BotSim: Mitigating The Formation Of Conspiratorial Societies with Useful Bots
Lynnette Hui Xian Ng, Kathleen M. Carley

TL;DR
This paper introduces BotSim, an agent-based model demonstrating how useful bots like Info-Correction and Good Bots can mitigate the spread of conspiracy theories in social networks, highlighting the effectiveness of proactive messaging.
Contribution
The study presents BotSim, a novel simulation framework analyzing the impact of different types of beneficial bots on reducing conspiratorial societies in social media environments.
Findings
Good Bots are more efficient than Info-Correction Bots.
Proactive messaging is more resource-effective than reactive correction.
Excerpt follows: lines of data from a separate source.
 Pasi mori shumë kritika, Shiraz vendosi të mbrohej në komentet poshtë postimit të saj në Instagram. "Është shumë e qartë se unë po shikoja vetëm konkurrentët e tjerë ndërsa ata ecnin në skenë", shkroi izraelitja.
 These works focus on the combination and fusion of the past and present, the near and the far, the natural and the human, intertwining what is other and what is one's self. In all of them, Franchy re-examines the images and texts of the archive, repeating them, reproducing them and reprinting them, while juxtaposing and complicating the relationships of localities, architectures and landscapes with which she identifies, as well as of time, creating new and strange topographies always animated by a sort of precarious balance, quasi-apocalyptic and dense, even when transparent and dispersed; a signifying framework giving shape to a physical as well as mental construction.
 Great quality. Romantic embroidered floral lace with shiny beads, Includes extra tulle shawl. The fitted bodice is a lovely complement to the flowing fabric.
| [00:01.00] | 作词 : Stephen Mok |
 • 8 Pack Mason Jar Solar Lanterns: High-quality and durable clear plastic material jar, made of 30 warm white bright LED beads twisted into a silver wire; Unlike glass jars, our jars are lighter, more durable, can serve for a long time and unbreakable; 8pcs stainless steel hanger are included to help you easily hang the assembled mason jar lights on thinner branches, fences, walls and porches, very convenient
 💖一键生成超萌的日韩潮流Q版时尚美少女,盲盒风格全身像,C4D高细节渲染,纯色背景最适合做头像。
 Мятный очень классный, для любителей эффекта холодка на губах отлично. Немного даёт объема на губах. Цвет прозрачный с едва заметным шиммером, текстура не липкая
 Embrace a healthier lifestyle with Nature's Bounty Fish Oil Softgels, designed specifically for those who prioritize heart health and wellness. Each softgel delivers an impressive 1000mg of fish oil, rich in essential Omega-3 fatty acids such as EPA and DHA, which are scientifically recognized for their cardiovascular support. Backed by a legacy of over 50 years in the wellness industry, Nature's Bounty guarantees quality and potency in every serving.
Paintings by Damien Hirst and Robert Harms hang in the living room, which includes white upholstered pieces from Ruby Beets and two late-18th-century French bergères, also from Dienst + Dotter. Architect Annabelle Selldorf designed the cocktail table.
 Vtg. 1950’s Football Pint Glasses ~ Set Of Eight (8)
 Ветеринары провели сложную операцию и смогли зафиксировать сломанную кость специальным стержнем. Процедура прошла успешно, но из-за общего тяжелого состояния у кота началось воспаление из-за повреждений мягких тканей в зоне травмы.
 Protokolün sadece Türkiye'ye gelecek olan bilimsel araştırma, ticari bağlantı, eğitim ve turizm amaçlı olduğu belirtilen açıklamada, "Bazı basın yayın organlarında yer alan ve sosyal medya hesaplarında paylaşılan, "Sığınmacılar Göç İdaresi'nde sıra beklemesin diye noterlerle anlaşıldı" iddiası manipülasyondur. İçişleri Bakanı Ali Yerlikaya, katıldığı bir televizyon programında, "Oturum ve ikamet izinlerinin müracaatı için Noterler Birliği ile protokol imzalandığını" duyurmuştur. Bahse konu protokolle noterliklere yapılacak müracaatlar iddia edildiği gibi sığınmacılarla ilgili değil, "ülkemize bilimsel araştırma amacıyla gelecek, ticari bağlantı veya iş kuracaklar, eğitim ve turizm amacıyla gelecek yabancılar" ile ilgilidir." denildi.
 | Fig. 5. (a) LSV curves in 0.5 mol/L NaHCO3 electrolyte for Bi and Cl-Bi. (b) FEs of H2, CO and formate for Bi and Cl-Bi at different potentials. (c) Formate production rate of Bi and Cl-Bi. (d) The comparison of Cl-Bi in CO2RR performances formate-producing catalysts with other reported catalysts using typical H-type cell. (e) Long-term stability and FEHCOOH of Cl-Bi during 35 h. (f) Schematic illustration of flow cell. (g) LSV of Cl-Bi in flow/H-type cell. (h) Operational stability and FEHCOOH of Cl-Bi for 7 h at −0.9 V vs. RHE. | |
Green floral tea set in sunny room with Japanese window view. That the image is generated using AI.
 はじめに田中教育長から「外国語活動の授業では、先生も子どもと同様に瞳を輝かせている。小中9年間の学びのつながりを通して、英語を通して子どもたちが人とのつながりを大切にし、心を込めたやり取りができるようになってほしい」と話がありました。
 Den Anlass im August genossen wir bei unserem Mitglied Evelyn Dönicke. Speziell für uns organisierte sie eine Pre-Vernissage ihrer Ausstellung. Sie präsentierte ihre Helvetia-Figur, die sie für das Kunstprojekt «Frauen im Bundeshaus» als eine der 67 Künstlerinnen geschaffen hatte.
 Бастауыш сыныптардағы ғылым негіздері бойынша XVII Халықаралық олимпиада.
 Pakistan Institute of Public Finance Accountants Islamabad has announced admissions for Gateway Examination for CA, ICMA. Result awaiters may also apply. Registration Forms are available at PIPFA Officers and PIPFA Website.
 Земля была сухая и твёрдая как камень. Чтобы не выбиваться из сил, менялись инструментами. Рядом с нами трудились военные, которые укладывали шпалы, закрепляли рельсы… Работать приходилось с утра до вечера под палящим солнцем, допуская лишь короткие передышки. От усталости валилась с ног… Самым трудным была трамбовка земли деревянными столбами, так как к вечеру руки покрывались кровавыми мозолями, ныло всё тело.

Uncontrolled Bad Bots can foster conspiratorial societies.
Abstract
Societies can become a conspiratorial society where there is a majority of humans that believe, and therefore spread, conspiracy theories. Artificial intelligence gave rise to social media bots that can spread conspiracies in an automated fashion. Currently, organizations combat the spread of conspiracies through manual fact-checking processes and the dissemination of counter-narratives. However, the effects of harnessing the same automation to create useful bots are not well explored. To address this, we create BotSim, an Agent-Based Model of a society in which useful bots are introduced into a small world network. These useful bots are: Info-Correction Bots, which correct bad information into good, and Good Bots, which put out good messaging. The simulated agents interact through generating, consuming and propagating information. Our results show that, left unchecked, Bad Bots can…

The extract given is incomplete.